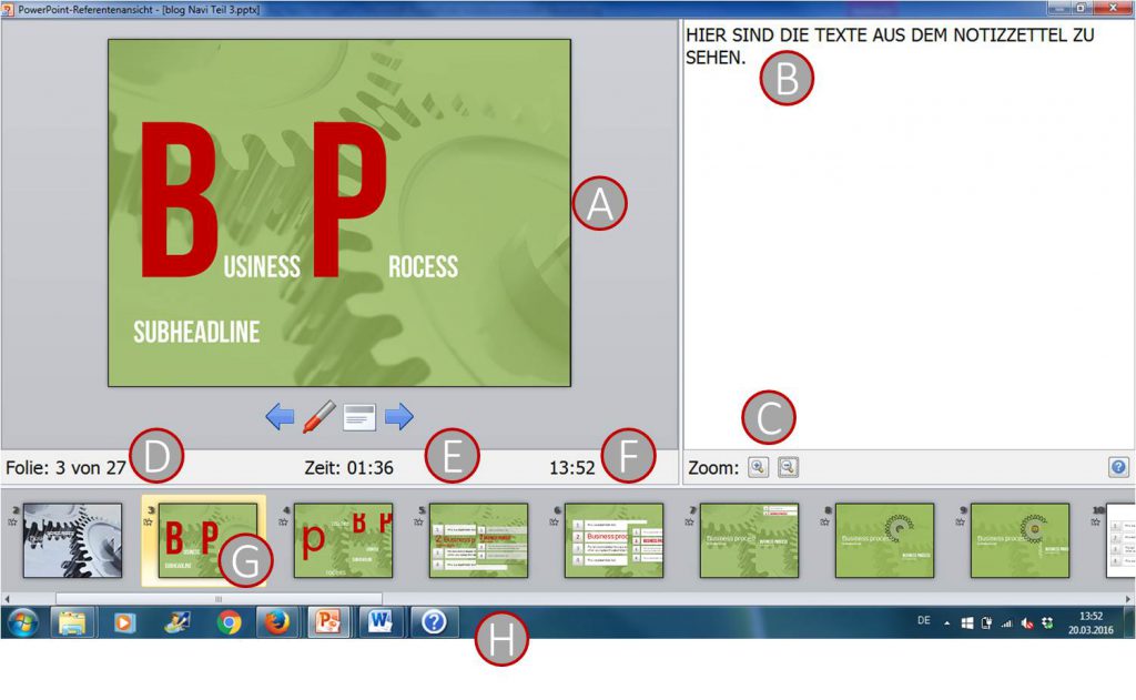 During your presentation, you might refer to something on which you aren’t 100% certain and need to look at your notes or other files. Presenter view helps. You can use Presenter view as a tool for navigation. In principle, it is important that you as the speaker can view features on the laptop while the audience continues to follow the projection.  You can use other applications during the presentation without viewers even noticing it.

==============================

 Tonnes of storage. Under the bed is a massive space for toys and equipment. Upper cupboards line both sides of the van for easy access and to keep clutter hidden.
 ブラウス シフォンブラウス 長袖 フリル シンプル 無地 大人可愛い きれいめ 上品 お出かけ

==============================

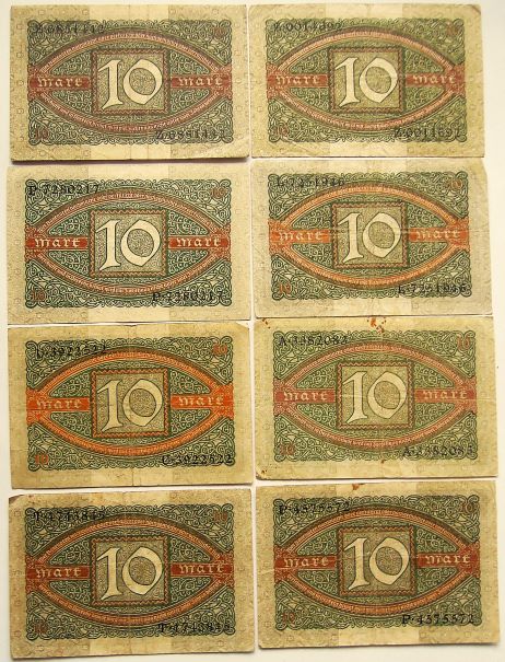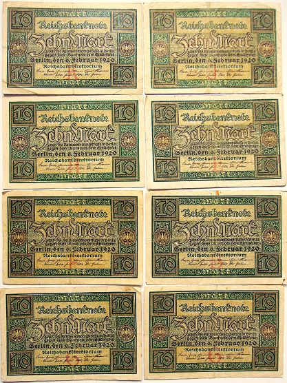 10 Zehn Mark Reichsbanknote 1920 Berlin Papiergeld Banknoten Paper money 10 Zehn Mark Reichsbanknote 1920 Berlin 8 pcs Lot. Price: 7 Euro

==============================

*Your task*:
The expected answer is an exact copy of the lines above, beginning at the line with "Tonnes of storage." and ending at the line with "ブラウス シフォンブラウス 長袖", with both ends in.

*Completed task*:
 Tonnes of storage. Under the bed is a massive space for toys and equipment. Upper cupboards line both sides of the van for easy access and to keep clutter hidden.
 ブラウス シフォンブラウス 長袖 フリル シンプル 無地 大人可愛い きれいめ 上品 お出かけ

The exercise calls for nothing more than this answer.